#### Your goal:
For this exercise, output the entries below exactly from the line that holds "Папка для акварели" to the line that holds "Disponha numa travessa, alise", both ends included. No pictures belong in the copy.

(Source records)
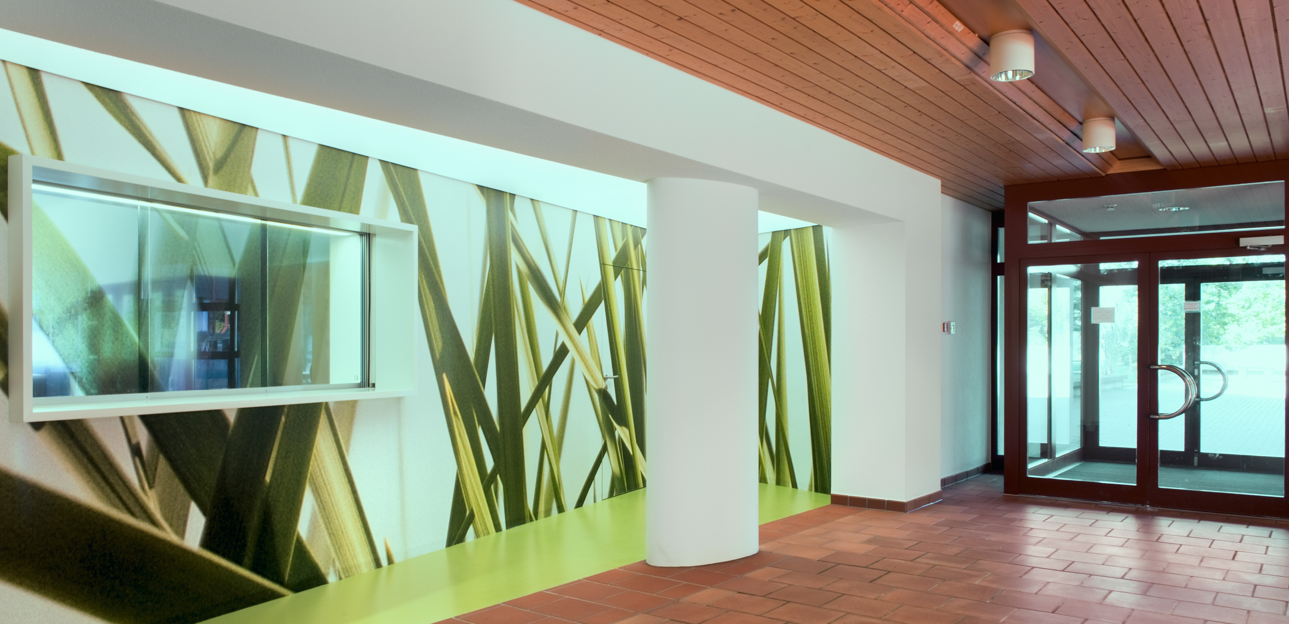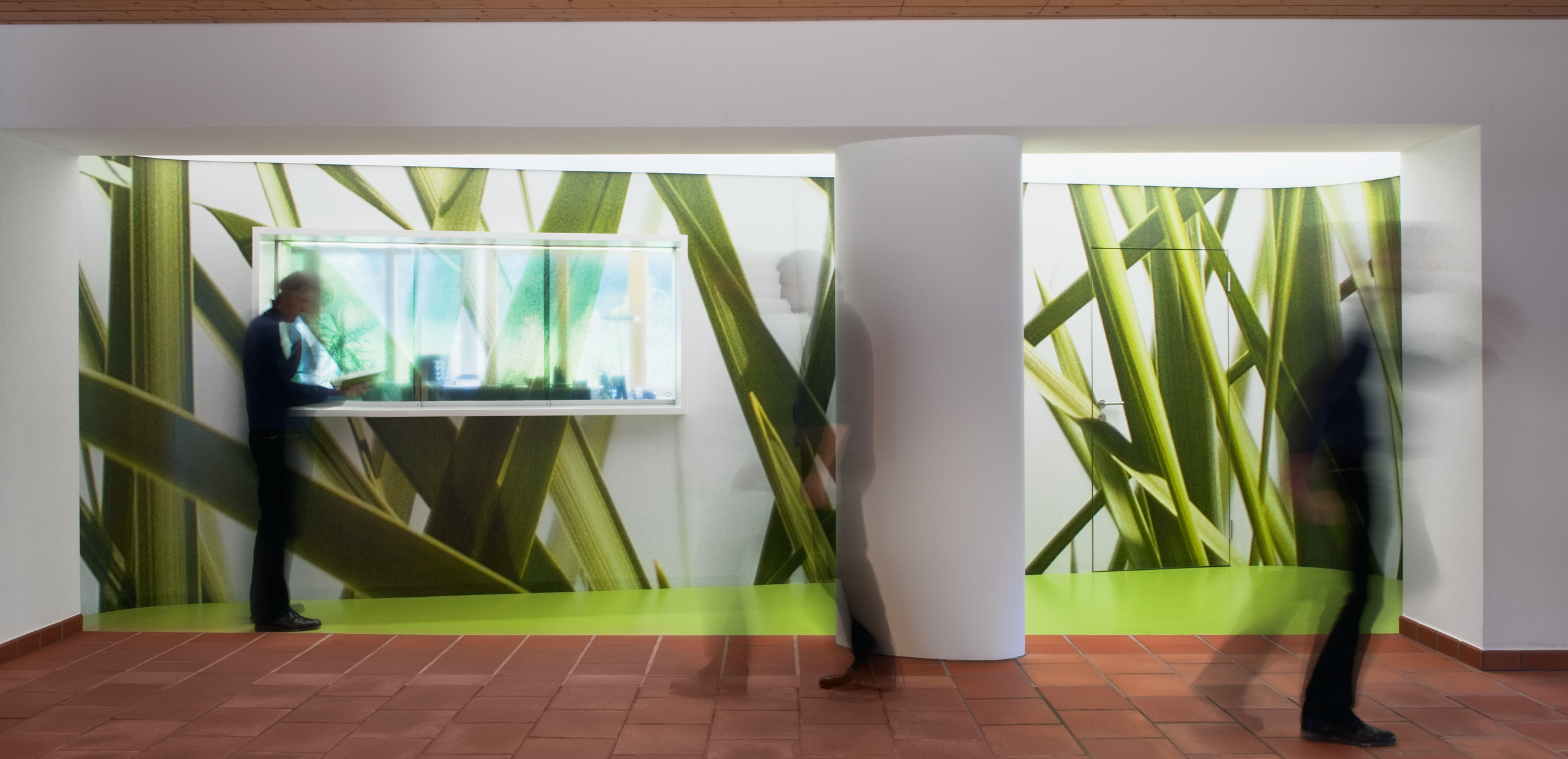 Die landwirtschaftliche Schule, typischer Vertreter der schnellen, unkritischen Architektur der 80er Jahre, kann in ihrer Gesamtwirkung ästhetisch kaum verbessert werden. Ursprünglich wünschte sich die Bauherrschaft einfach nur grössere und besser erkennbare Kundenschalter im Empfangsbereich. Nach eingehender Abklärung der Bedürfnisse haben wir zu einem spezifischen Eingriff in die Struktur des Gebäudes geraten. So entstand ein Objekt, das durch die Form und Oberflächengestaltung verschiedene Assoziationen wie Blickfang, Überraschung, Witz und die gewünschte Informationen generiert. Als in sich selbst kräftig wirkendes Element, ist es Zeichen eines neuen, frischen und dynamischen Auftritts der Schule.
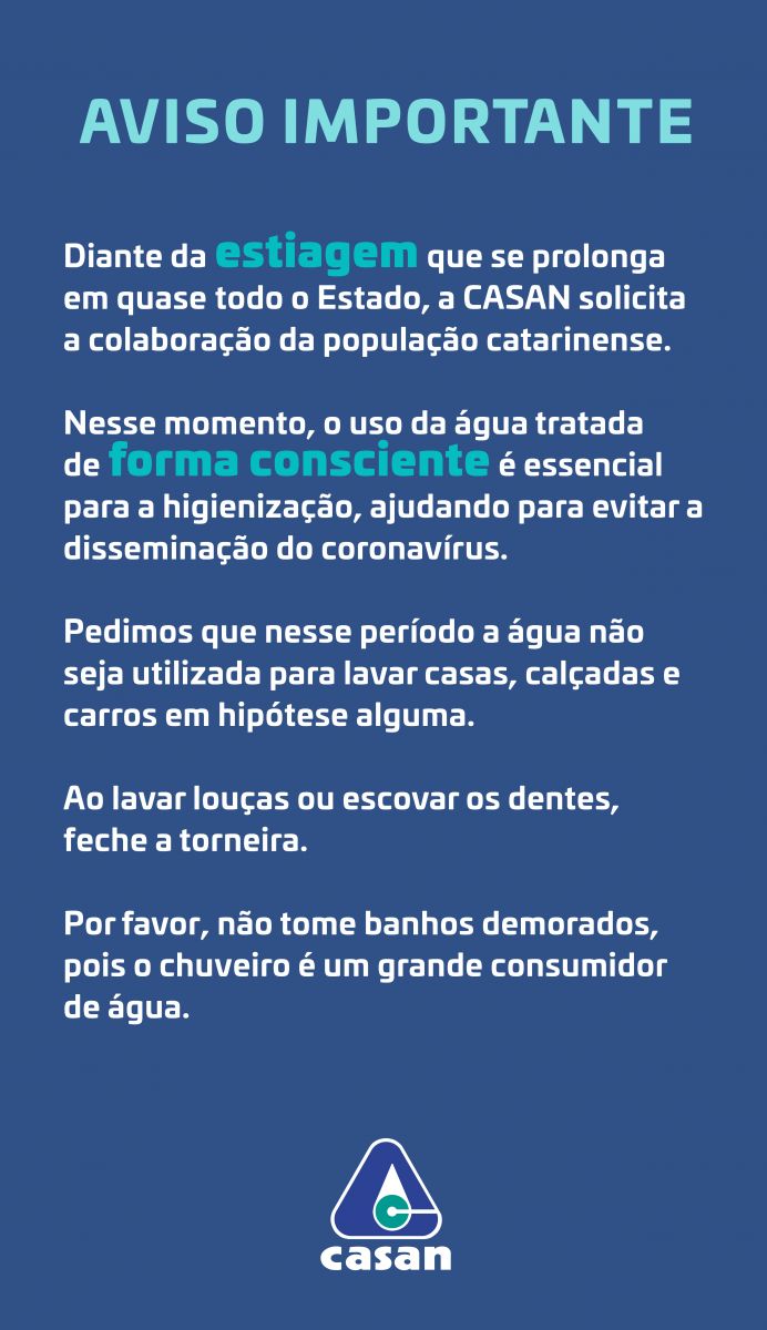 Diante da estiagem que se prolonga em quase todo o Estado, a CASAN solicita a colaboração da população catarinense.
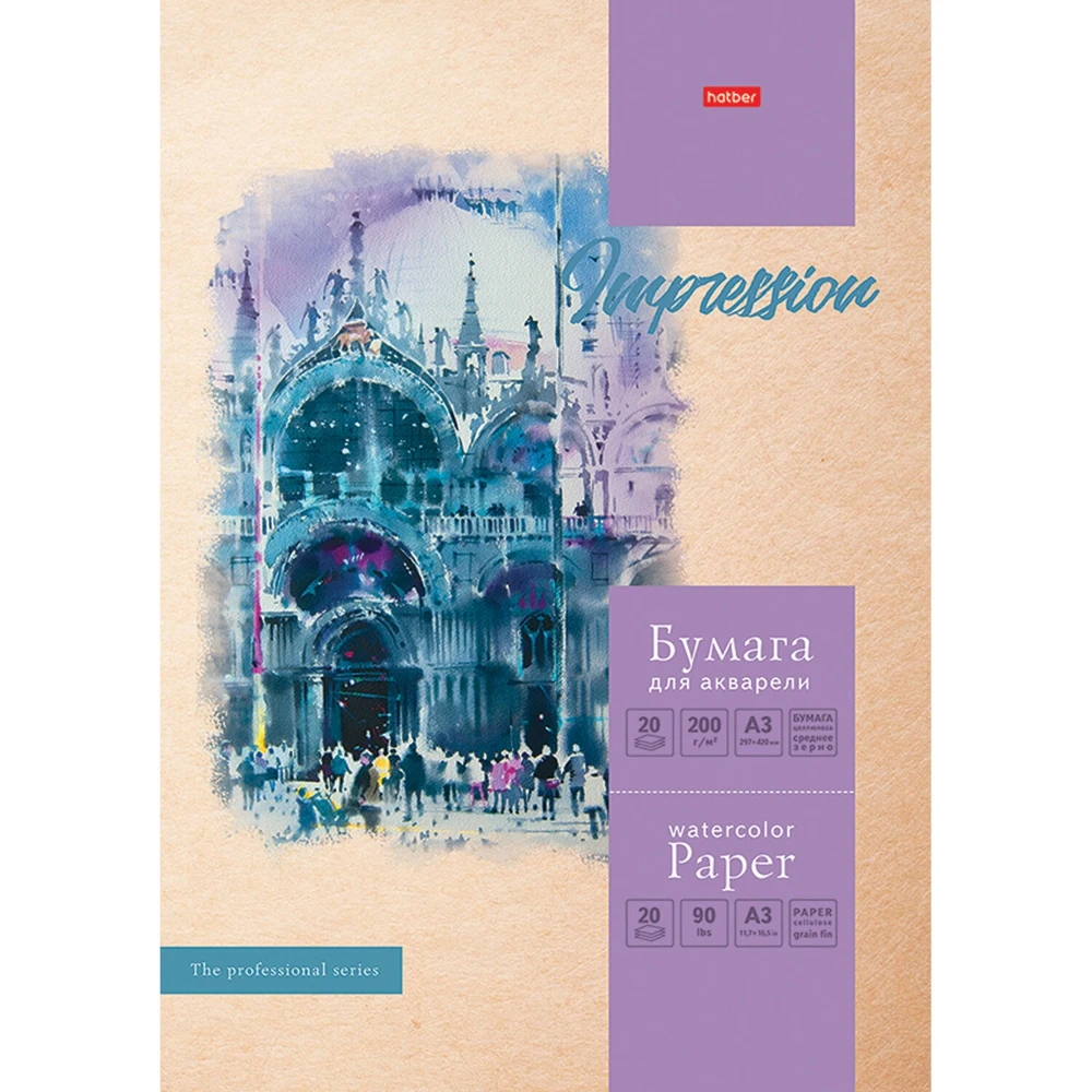 Папка для акварели БОЛЬШОГО ФОРМАТА А3, 20 л, 200 г м2, HATBER, 297х420 мм, "Венеция", 20Ба3тВ_22166
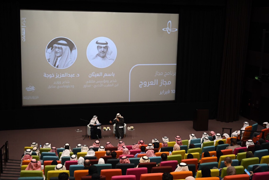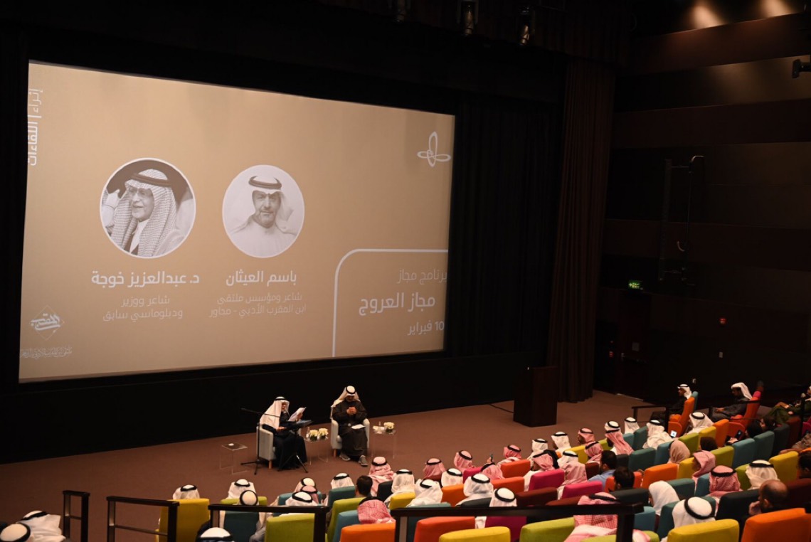 حلّق الشاعر الدكتور عبدالعزيز خوجه، في جولتين شعريتين خفيفتين، خلال الأمسية الشعرية ”مجاز العروج“، ضمن برنامج ”مجاز“، وشنّف بإبداعه فيهما أسماع الحضور بمقطوعاته الشعرية الوجدانية والغزلية والوجودية، وسط تفاعل الحضور إعجاباً بأدب وشعر ودماثة خلق الشاعر خوجه.
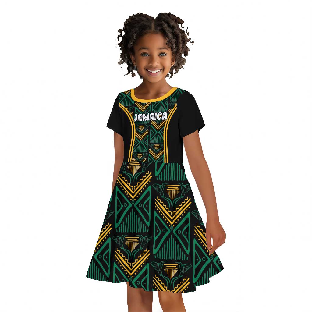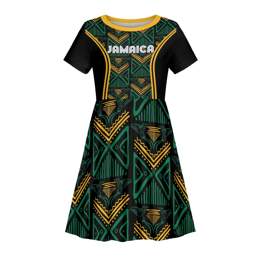 Afro-Jamaica Custom Kid Short Sleeve Dress Reggae Boyz Ethnic Motifs LT7
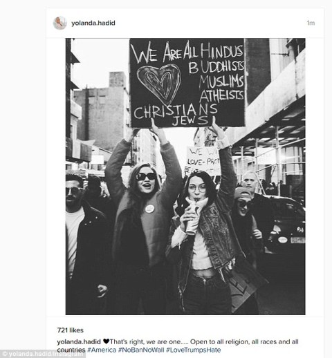 Հայտնի Բելլա և Ջիջի Հադիդ քույրերը միացել են Նյու Յորքում տեղի ունեցող ցույցերին, որոնք անցկացվում են ԱՄՆ նախագահ Դոնալդ Թրամփի՝ փախստականների մուտքը սահմանափակող նոր հրամանի դեմ։ Այս մասին հայտնում է «The Daily Mail»–ը։
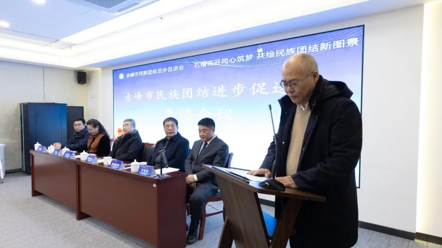 2026年1月31日,赤峰市民族团结进步促进会年终工作总结会在赤峰学院隆重召开。会议全面总结2025年市民促会工作经验,科学部署2026年重点任务,凝聚起各族各界同心筑梦、共促团结的强大合力。赤峰市民族事务委员会党组成员、副主任特木尔巴根出席会议并讲话,各会员单位代表及各界人士代表参加会议,共商发展大计。
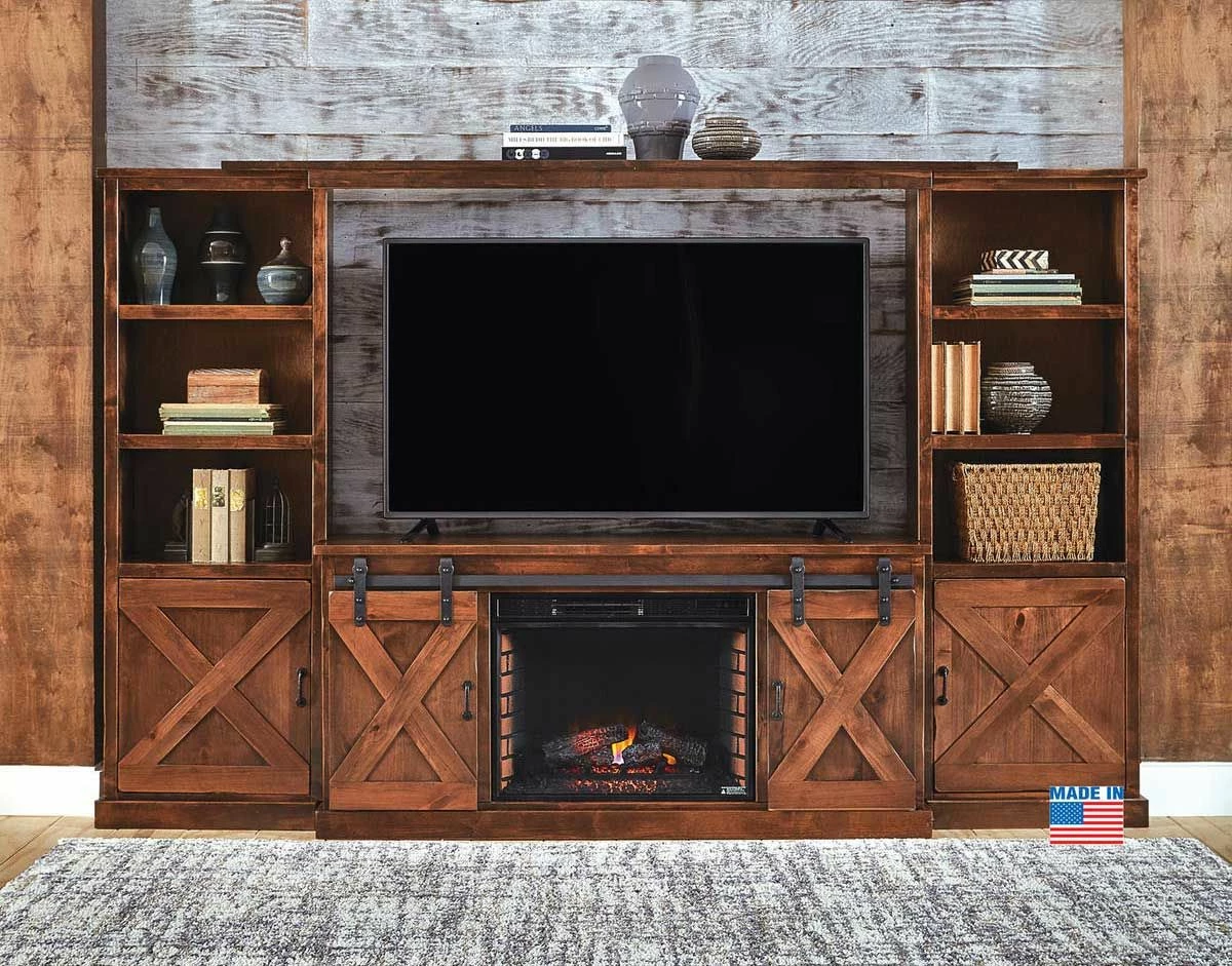 Wildly popular, warehouse or barn style doors have become a staple in many homes across America. Reminiscent of simpler times, their appeal is understandable and undeniable. The TV console fireplace features functional forged iron hardware and rolling doors. Bring “The Look” home today with Farmhouse.
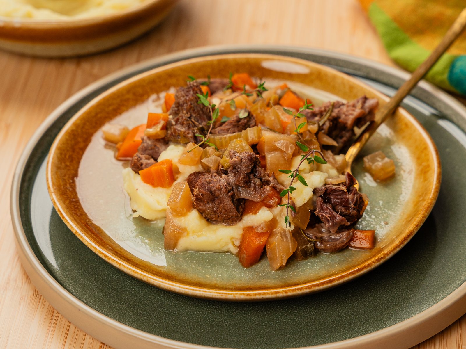 Disponha numa travessa, alise a superfície e cubra com puré de batata. Alise novamente, pincele com gema de ovo batida e faça desenhos com um garfo. Leve ao forno a 180ºC por 15 a 20 minutos ou até dourar.
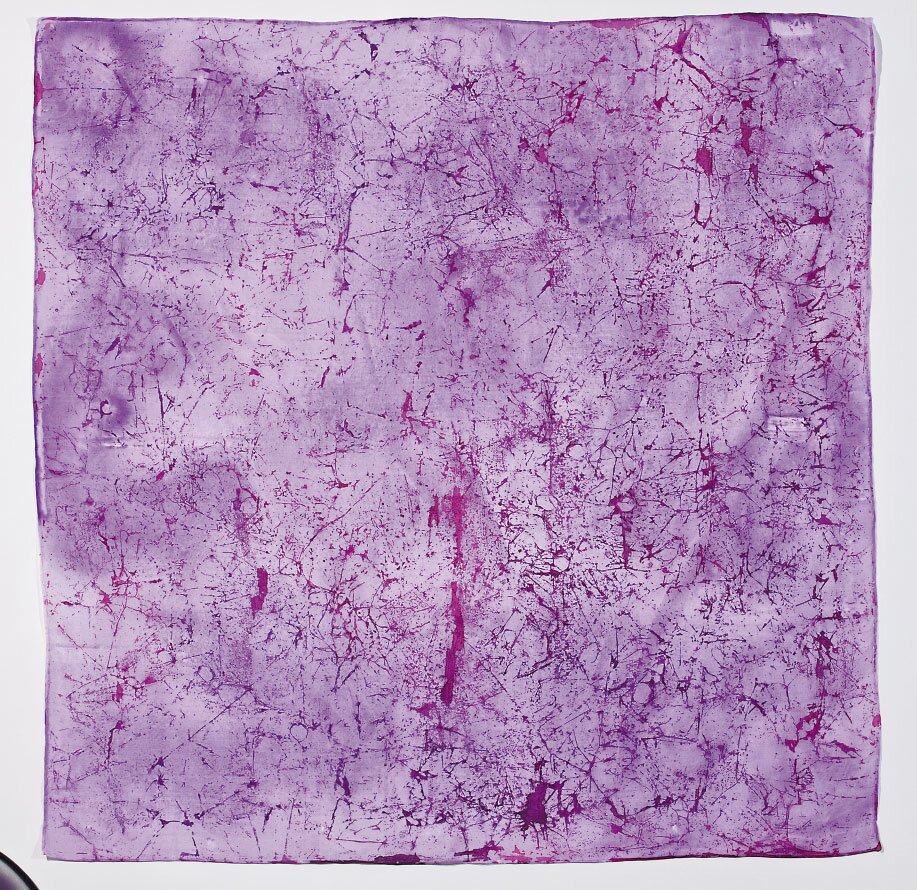 Montare il telaio di seta a circa 90 x 90 cm, mascherare i legni con nastro crespato. Sciacquare il panno di seta in acqua pulita, strizzarlo in un asciugamano e stenderlo sul telaio di seta. Diluire molto la vernice di seta viola (1 parte di vernice per 20 parti di acqua) e spruzzare sul panno con la bottiglia a spruzzo. Se necessario, tendere il panno sul telaio. Sciogliere le perle di cera a bagnomaria e applicarle sulla superficie del panno di seta essiccato con un pennello a setole larghe. Lasciare che la cera si raffreddi completamente, togliere il panno e sgualcirlo energicamente in modo da far apparire delle crepe nello strato di cera. Eliminare con cura la cera sciolta, tendere nuovamente il panno e applicare il colore di seta non diluito. Una volta che il colore si è asciugato, togliere il panno dal telaio e rimuovere completamente la cera con un ferro da stiro tra diversi strati di carta di giornale. Continuare a sostituire il giornale man mano che si satura. Quindi fissare il colore di seta con il ferro da stiro a temperatura di cotone. Lavare il panno, strizzarlo in un asciugamano e stirarlo a secco.

#### Answer space:
 Папка для акварели БОЛЬШОГО ФОРМАТА А3, 20 л, 200 г м2, HATBER, 297х420 мм, "Венеция", 20Ба3тВ_22166
 حلّق الشاعر الدكتور عبدالعزيز خوجه، في جولتين شعريتين خفيفتين، خلال الأمسية الشعرية ”مجاز العروج“، ضمن برنامج ”مجاز“، وشنّف بإبداعه فيهما أسماع الحضور بمقطوعاته الشعرية الوجدانية والغزلية والوجودية، وسط تفاعل الحضور إعجاباً بأدب وشعر ودماثة خلق الشاعر خوجه.
 Afro-Jamaica Custom Kid Short Sleeve Dress Reggae Boyz Ethnic Motifs LT7
 Հայտնի Բելլա և Ջիջի Հադիդ քույրերը միացել են Նյու Յորքում տեղի ունեցող ցույցերին, որոնք անցկացվում են ԱՄՆ նախագահ Դոնալդ Թրամփի՝ փախստականների մուտքը սահմանափակող նոր հրամանի դեմ։ Այս մասին հայտնում է «The Daily Mail»–ը։
 2026年1月31日,赤峰市民族团结进步促进会年终工作总结会在赤峰学院隆重召开。会议全面总结2025年市民促会工作经验,科学部署2026年重点任务,凝聚起各族各界同心筑梦、共促团结的强大合力。赤峰市民族事务委员会党组成员、副主任特木尔巴根出席会议并讲话,各会员单位代表及各界人士代表参加会议,共商发展大计。
 Wildly popular, warehouse or barn style doors have become a staple in many homes across America. Reminiscent of simpler times, their appeal is understandable and undeniable. The TV console fireplace features functional forged iron hardware and rolling doors. Bring “The Look” home today with Farmhouse.
 Disponha numa travessa, alise a superfície e cubra com puré de batata. Alise novamente, pincele com gema de ovo batida e faça desenhos com um garfo. Leve ao forno a 180ºC por 15 a 20 minutos ou até dourar.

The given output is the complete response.